**THE RECORDS:**
BEGIN
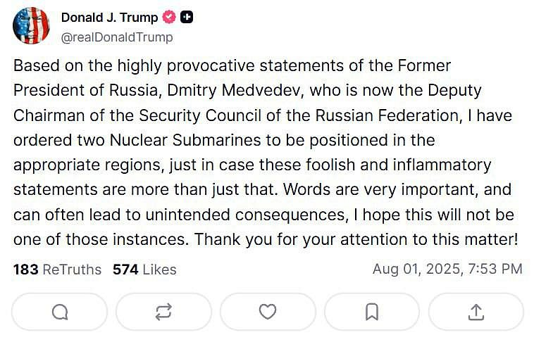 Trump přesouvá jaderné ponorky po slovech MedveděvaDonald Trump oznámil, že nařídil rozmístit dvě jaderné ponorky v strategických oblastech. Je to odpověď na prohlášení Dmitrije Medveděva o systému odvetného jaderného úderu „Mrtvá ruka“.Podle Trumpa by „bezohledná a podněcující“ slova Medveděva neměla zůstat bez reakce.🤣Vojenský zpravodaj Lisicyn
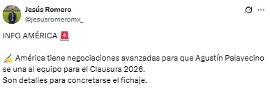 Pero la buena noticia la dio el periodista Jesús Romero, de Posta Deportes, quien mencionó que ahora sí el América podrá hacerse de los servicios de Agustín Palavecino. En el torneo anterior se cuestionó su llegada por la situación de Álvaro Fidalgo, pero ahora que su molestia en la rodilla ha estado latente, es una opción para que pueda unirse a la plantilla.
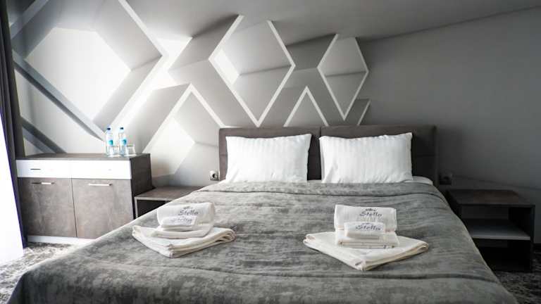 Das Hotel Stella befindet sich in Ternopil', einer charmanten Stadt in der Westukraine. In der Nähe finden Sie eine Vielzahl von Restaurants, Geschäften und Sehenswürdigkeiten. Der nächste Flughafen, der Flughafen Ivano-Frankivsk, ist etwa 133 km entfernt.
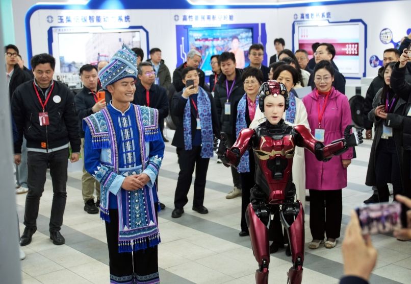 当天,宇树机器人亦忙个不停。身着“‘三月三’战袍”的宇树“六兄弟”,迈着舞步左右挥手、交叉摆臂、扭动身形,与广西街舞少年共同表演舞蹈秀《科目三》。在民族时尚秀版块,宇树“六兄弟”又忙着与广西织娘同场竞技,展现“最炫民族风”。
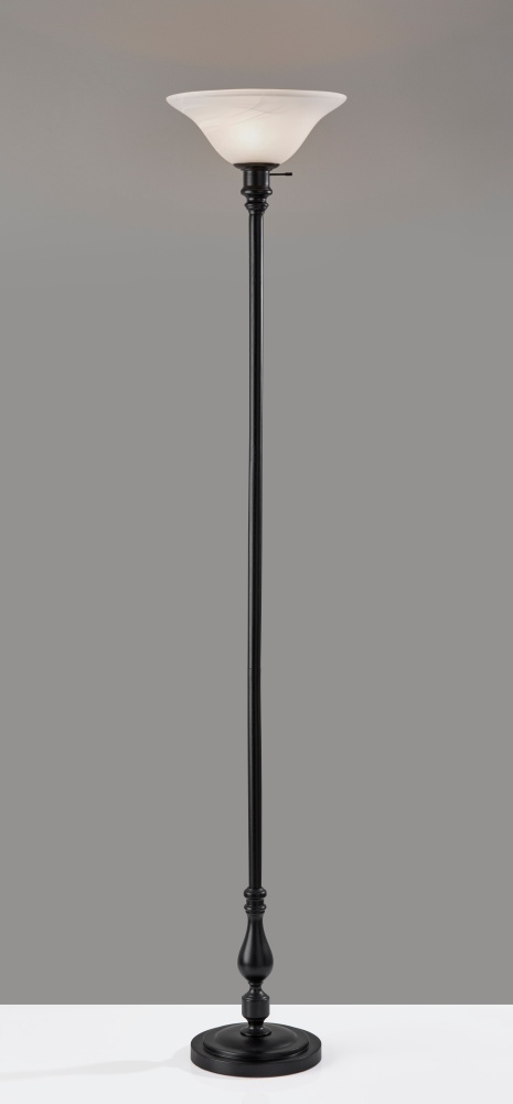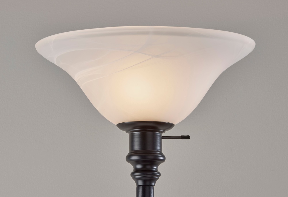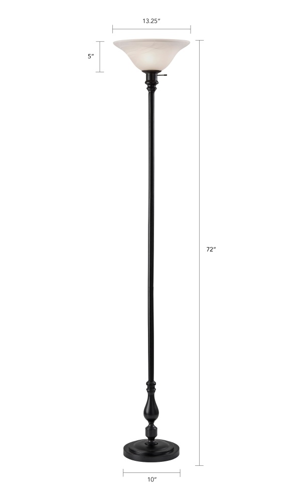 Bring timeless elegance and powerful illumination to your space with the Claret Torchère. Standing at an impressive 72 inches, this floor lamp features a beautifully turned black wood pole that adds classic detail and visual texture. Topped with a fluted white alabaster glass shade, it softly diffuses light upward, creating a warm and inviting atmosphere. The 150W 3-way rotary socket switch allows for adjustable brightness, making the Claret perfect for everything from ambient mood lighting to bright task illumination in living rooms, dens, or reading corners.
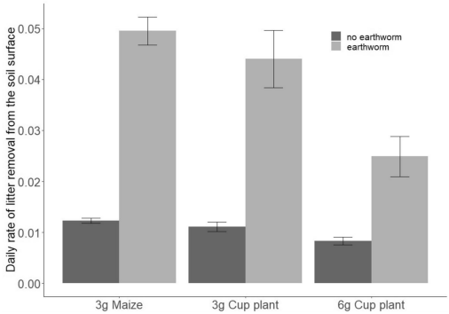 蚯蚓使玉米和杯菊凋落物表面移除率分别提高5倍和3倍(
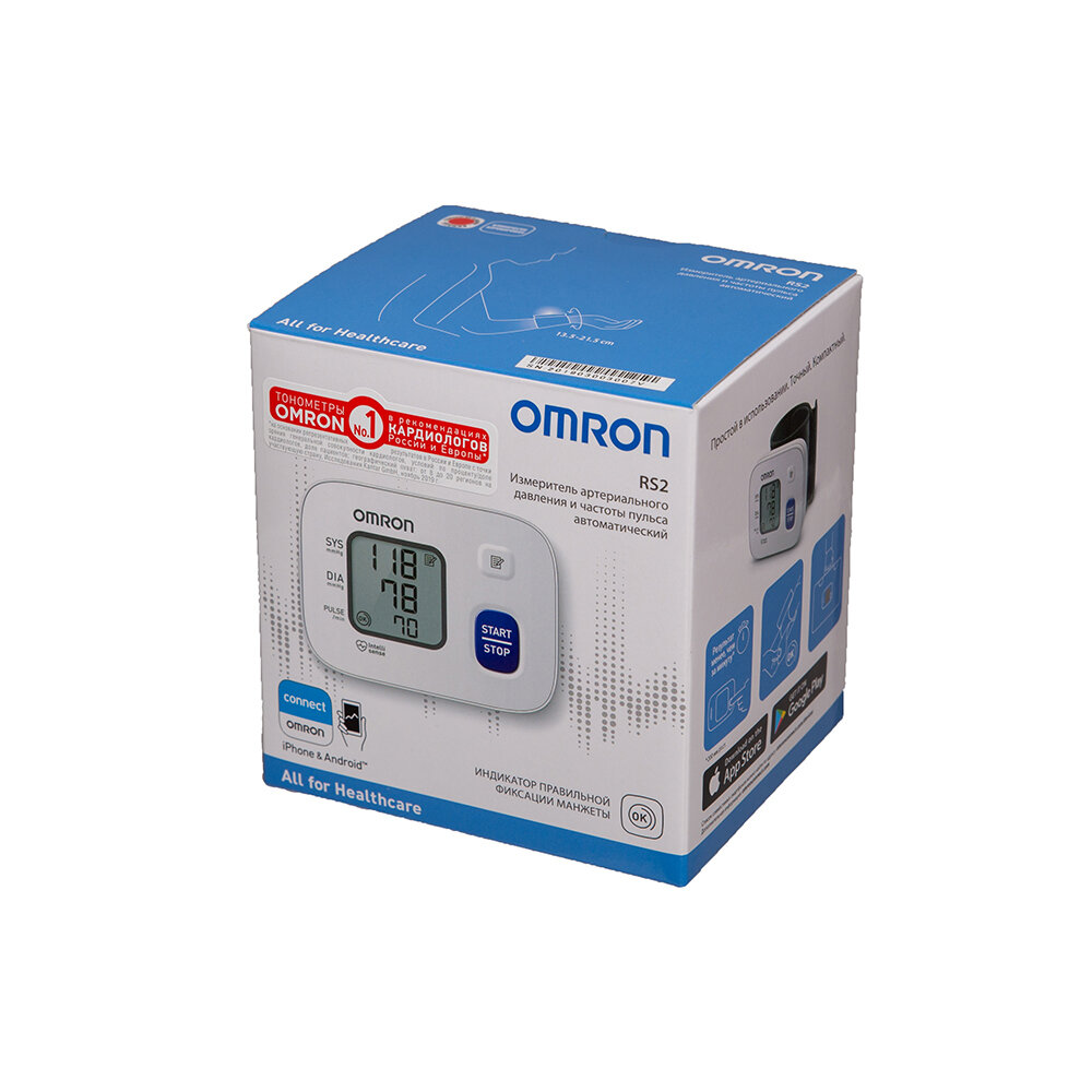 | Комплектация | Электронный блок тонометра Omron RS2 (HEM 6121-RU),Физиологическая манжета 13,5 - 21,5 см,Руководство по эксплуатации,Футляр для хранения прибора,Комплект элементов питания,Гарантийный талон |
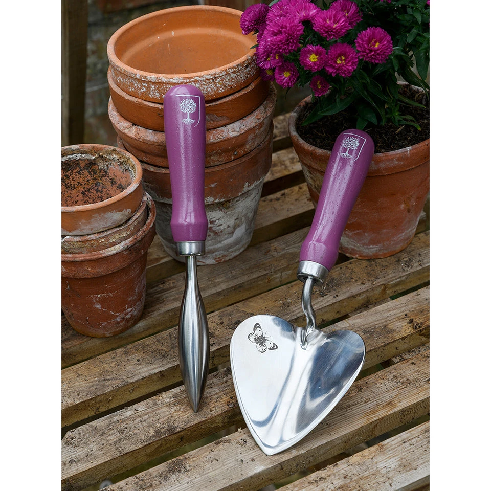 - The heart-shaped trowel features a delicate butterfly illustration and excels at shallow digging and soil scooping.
END
**EXERCISE INSTRUCTIONS:**
Set down word for word the lines above from the one with "Das Hotel Stella" up to and including the one with "当天,宇树机器人亦忙个不停。". Omit every picture.

**OUTPUT OF THE TASK:**
 Das Hotel Stella befindet sich in Ternopil', einer charmanten Stadt in der Westukraine. In der Nähe finden Sie eine Vielzahl von Restaurants, Geschäften und Sehenswürdigkeiten. Der nächste Flughafen, der Flughafen Ivano-Frankivsk, ist etwa 133 km entfernt.
 当天,宇树机器人亦忙个不停。身着“‘三月三’战袍”的宇树“六兄弟”,迈着舞步左右挥手、交叉摆臂、扭动身形,与广西街舞少年共同表演舞蹈秀《科目三》。在民族时尚秀版块,宇树“六兄弟”又忙着与广西织娘同场竞技,展现“最炫民族风”。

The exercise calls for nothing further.